→ **Directions**
Output the full listing below exactly, without the pictures.

**** Exercise data ****

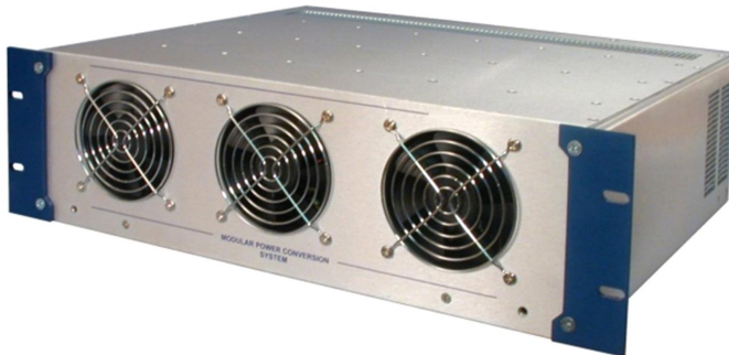
EPS/FC 3000-4500 19rack
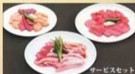
サービスセット サービスセット ¥5,170 (2~3名様でどうぞ) ファミリーセット ¥7,850 (4~5名様でどうぞ) タン塩・軍鶏・トントロ・黒豚・カルビ ロース・レバー・ハツ・ギアラ・ホルモン
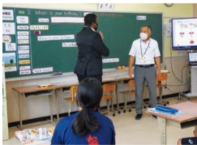
外国語授業の様子

八條北小学校では、「外国語教育の充実」「小中一貫教育・交流学習の充実」「体験学習の充実」を図り、少人数ならではのきめ細かな指導や特色ある教育活動を展開する小規模特認校制度を実施しています。

****

→ **Response to the exercise**
EPS/FC 3000-4500 19rack
サービスセット サービスセット ¥5,170 (2~3名様でどうぞ) ファミリーセット ¥7,850 (4~5名様でどうぞ) タン塩・軍鶏・トントロ・黒豚・カルビ ロース・レバー・ハツ・ギアラ・ホルモン
外国語授業の様子

八條北小学校では、「外国語教育の充実」「小中一貫教育・交流学習の充実」「体験学習の充実」を図り、少人数ならではのきめ細かな指導や特色ある教育活動を展開する小規模特認校制度を実施しています。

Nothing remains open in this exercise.